Controversial MEK leader, asked to talk ISIS, instead talks Iran

The controversial leader of an Iranian dissidents group was called to Capitol Hill to lend her expertise about the Islamic State lawmakers. Her testimony Wednesday showed she was only interested in talking about Iran.

Maryam Rajavi, leader of the Iranian dissidents organization Mujahedeen-e-Khalq (MEK), a group that until 2012 was list on the State Department’s terror list, insisted Tehran was the root of the Islamic State’s power. In prepared testimony, she mentioned Iran 135 times. By comparison, the Islamic State, or ISIS, got 19 mentions; Iraq was mentioned 48 times. Nuclear, as in Iran’s nuclear program, got 31 mentions.
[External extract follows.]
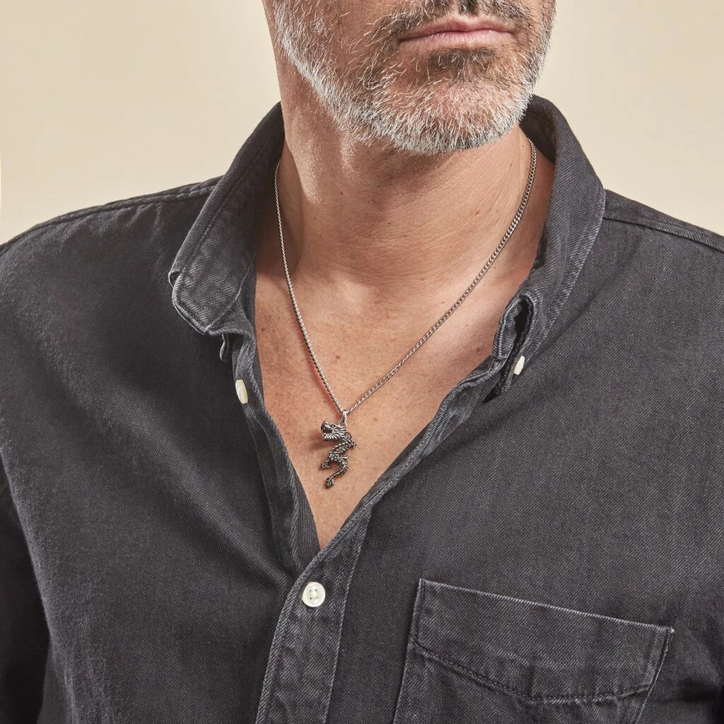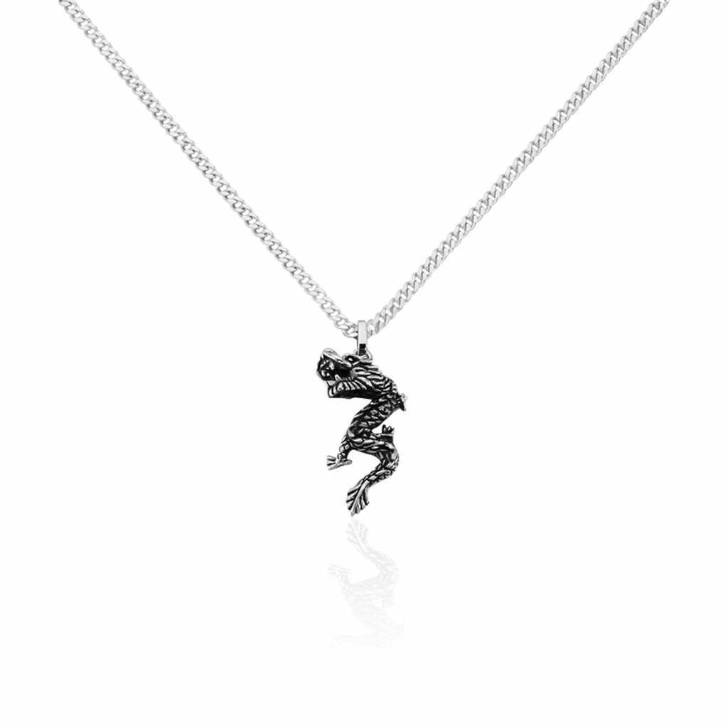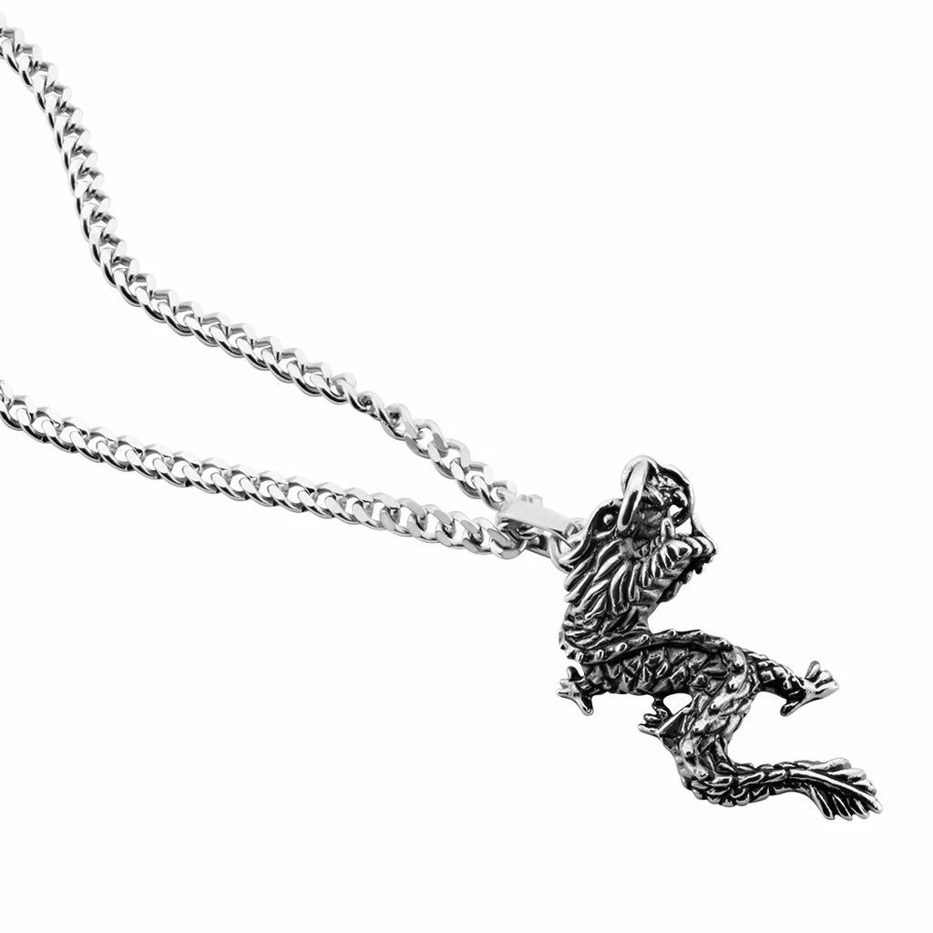 Collier Acier Gris Pendentif Dragon Maille Gourmette 55.5cm

But lawmakers tolerated Rajavi’s notion that “terrorism and fundamentalism came from the mullahs’ regime in Iran. When that is overthrown [the Islamic State] will be destroyed.”

Rep. Brad Sherman (D-Calif.), who previously defended to FP his decision to invite Rajavi to testify, used his opening statement to admit she wasn’t an expert on the Islamic State — but could provide insight into the group because of her knowledge on Iran.

Other lawmakers praised Rajavi, who testified via videoconference from Paris, where the headquarters of MEK’s umbrella organization — the National Council of Resistance of Iran — is located. Three House members who are not on the subcommittee were granted permission by chairman Rep. Ted Poe (R-Texas) to praise Rajavi and ask her questions. But her answers were often jumbled, hard to hear, and focused on regime change in Iran as opposed to problems in Iraq and Syria.

Two former senior State Department officials rejected Rajavi’s credentials so strongly that they refused to appear with her at the hearing. One — former State counterterrorism director Daniel Benjamin pulled out of the hearing all together to protest the MEK’s inclusion. The other, Mideast expert and former Ambassador to Syria Robert Ford, told reporters after the hearing that the only reason he didn’t join Benjamin was that American lives were on the line in the fight against the Islamic State.

In recent years, the MEK has become well connected with high profile allies in the government and among former U.S. officials like FBI Director Louis Freeh and former New York City Mayor Rudy Giuliani.

Rajavi’s appearance distracted from substantive differences in how to confront the Islamic State. Ford insisted that that while there are ideologues in its ranks, most of its fighters are frustrated by political corruption and lack of economic opportunity in their homelands.

“For everyone one Osama bin Laden or Ayman al-Zawahiri, 50 people are joining the Islamic State driven by anger … not ideology,” Ford said.

Counterterror expert Walid Phares argued the opposite. “A jihadi doesn’t becomes a jihadi because he has no job,” said Phares, co-secretary general of the Transatlantic Parliamentary Group on Counterterrorism. “He becomes a jihadi simply because of indoctrination.”

Ragavi, however, suggested the roots of the Islamic State stretch back decades.

“Islamic fundamentalism and extremism emerged as a threat to regional and global peace and tranquility after a religious dictatorship came to power in Iran in 1979,” she said in prepared testimony.

She suggested one of the ways to defeat the group is to “recognize the Iranian people’s aspirations to overthrow the mullahs’ regime and end inaction vis-à-vis the flagrant abuses of human rights in Iran.”